Po bezbramkowej pierwszej połowie na więcej roszad zdecydował się szkoleniowiec szczecinian. Swoje minuty na murawie otrzymał chociażby Robert Kolendowicz, czyli największy nieobecny ostatniego sparingu Pogoni z Chrobrym Głogów (1:1). Trener Kasperczyk postawił po przerwie na Adriana Sikorę, a ten mógł odwdzięczyć się golem już w 55. minucie. Filigranowy napastnik przegrał jednak bezpośredni pojedynek z Radosławem Janukiewiczem.
Co nie udało się Sikorze, powiodło się pod drugą z bramek Adamowi Frączczakowi. W 61. minucie pomocnik lidera pierwszoligowej tabeli otrzymał podanie z głębi pola, obrócił się z futbolówką i w sytuacji sam na sam wyprowadził Portowców na prowadzenie. Mimo korzystnego wyniku, stroną przeważającą również w następnych minutach była Pogoń. W 83. minucie o mały włos nie zdobyła drugiego gola po akcji Łukasza Zwolińskiego i ogromnym zamieszaniu w polu karnym.
Ostatecznie wynik nie uległ już zmianie, a defensywa szczecinian mogła cieszyć się z drugiego zimą sparingu na zero z tyłu. Od pierwszego gwizdka pojawił się w jej szeregach testowany Kameruńczyk Vincent Bikana. - Widać, że to nie przypadek, iż rozegrał kilka meczów w lidze szwajcarskiej. Trzyma linię, biega blisko środkowego obrońcy - komplementował defensora trener Sasal.
W kręgu zainteresowania szczecińskiego klubu znajduję się nadal Brazylijczyk Lucas, występujący ostatnio w FC Kaiserslautern. - Jest podobny budową i szybkościowo do Hernaniego, to ciekawy zawodnik - oceniał Lucasa szkoleniowiec. W czwartek Portowcy wyruszą na obóz przygotowawczy do Pogorzelicy, który rozpoczną meczem kontrolnym z niemieckim Torgelov SV.

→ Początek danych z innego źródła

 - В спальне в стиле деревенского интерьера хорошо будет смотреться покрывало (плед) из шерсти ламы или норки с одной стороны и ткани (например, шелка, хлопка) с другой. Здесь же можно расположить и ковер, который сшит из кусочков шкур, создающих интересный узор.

Tymczasem podopieczni Roberta Kasperczyka do soboty będą trenować w Grodzisku Wielkopolskim. Przed końcem zgrupowania czekają ich jeszcze sparingi z KS Polkowice i Chrobrym Głogów, w którym zaprezentują się zawodnicy nieobecni w starciu z Pogonią. Obóz ma charakter taktyczny, po nim Podbeskidzie będzie kontynuować przygotowania do wiosennej części sezonu na własnych obiektach.
Pogoń Szczecin - Podbeskidzie Bielsko-Biała 1:0 (0:0)
1:0 - Frączczak 61'
Pogoń: Fabiniak - Hricko, Radler, Bikana, Noll, Szałek, Ława, Edi Andradina, Budka, Lewandowski, Zwoliński.

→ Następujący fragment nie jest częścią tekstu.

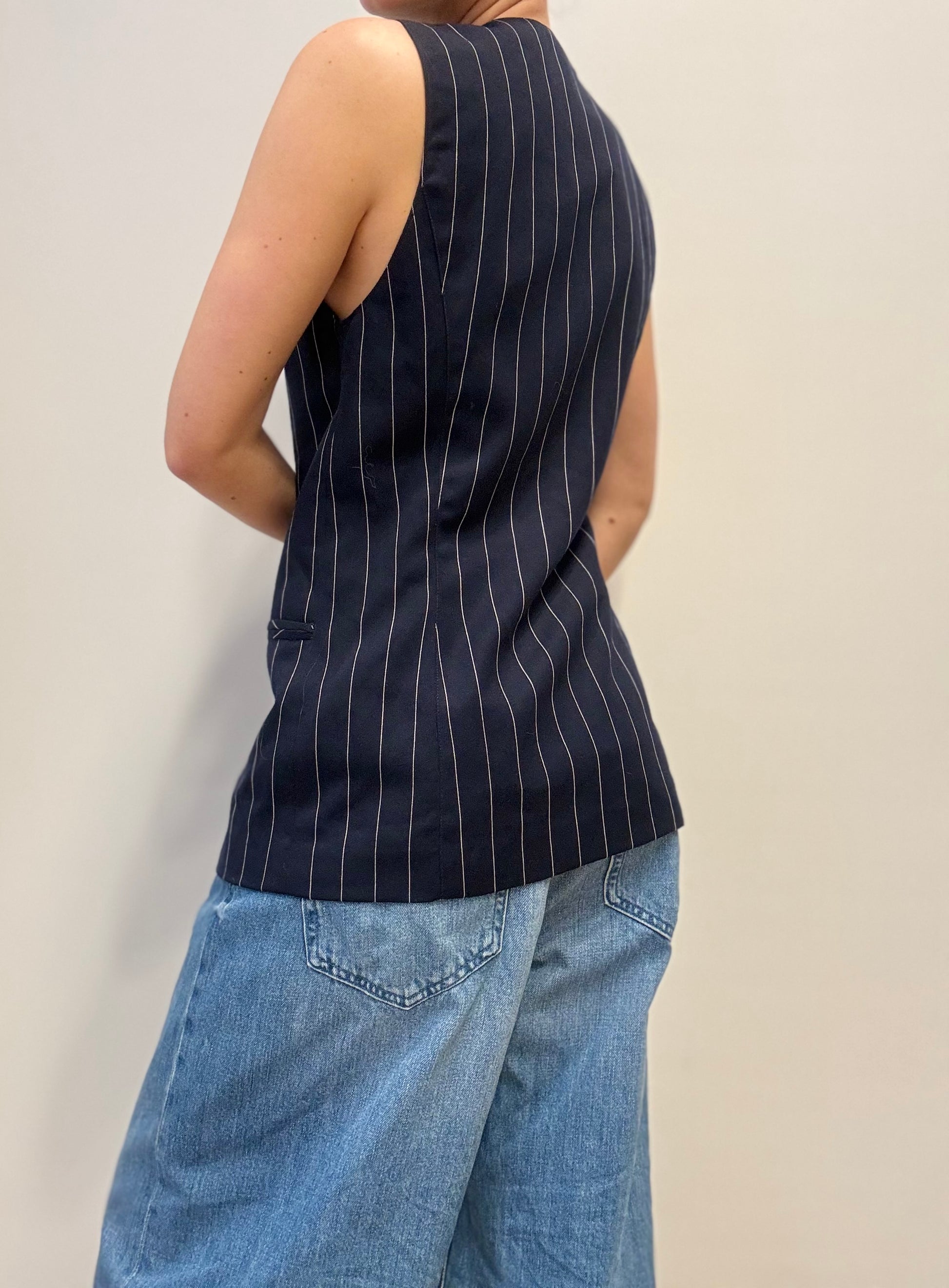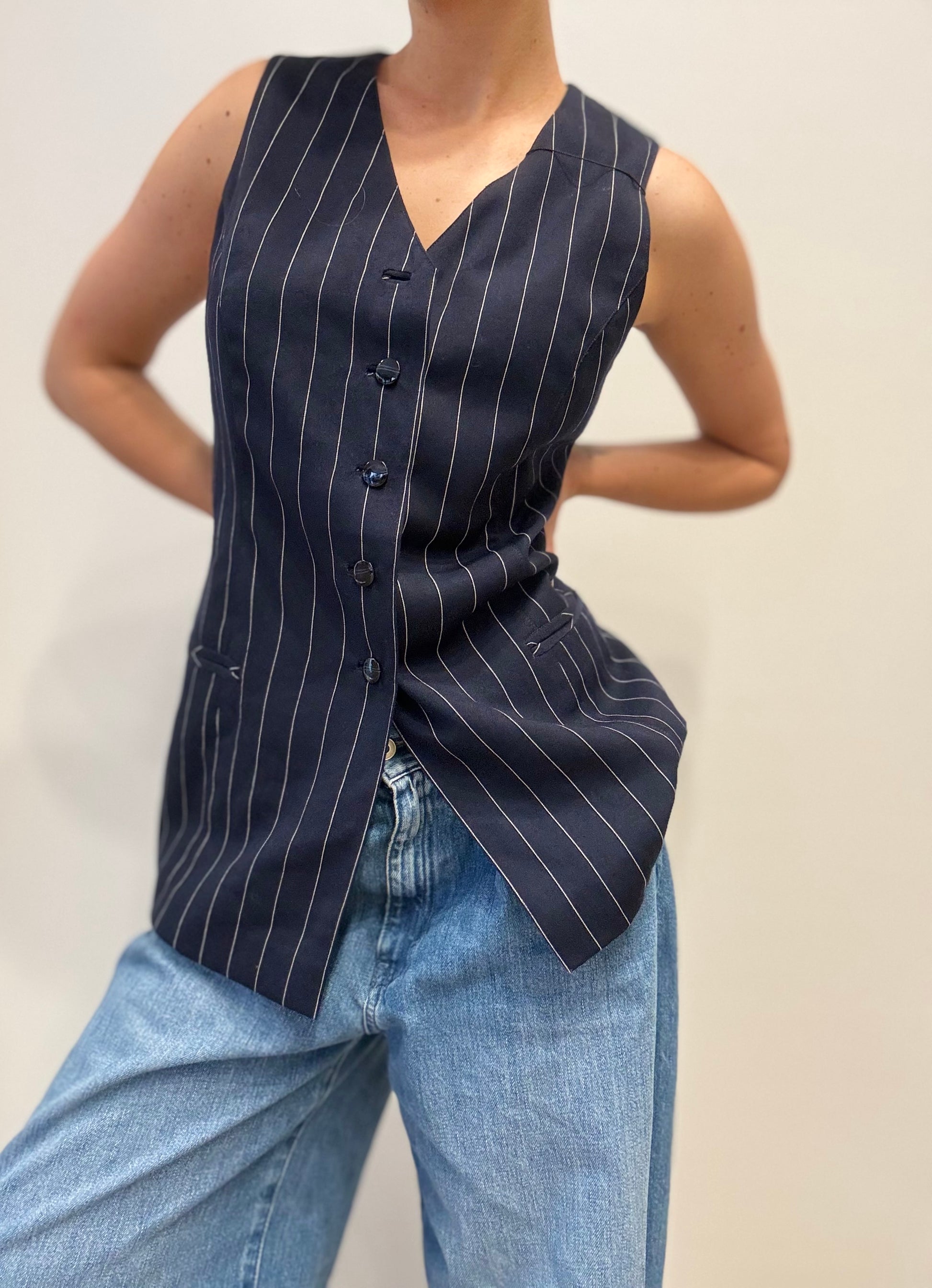 Een tijdloos en elegant vintage gilet in marineblauw met fijne krijtstrepen. Dit mouwloze model heeft een klassieke snit met drie knopen en paspelzakjes aan de voorkant — perfect voor een verfijnde, androgyne look. Draag het op een blote huid voor een moderne twist of over een blouse voor een meer klassieke stijl.

Po przerwie wystąpili: Janukiewicz, Kucharski, Lucas, Rogalski, Łuszkiewicz, Kolendowicz, Frączczak.
Podbeskidzie: Bąk - Sokołowski, Dancik (72' Sourek), Konieczny, Król (60' Górkiewicz), Ziajka (68' Malinowski), Nather, Łatka (65' Elmalich), Cohen (55' Kołodziej), Patejuk, Demjan (46' Sikora).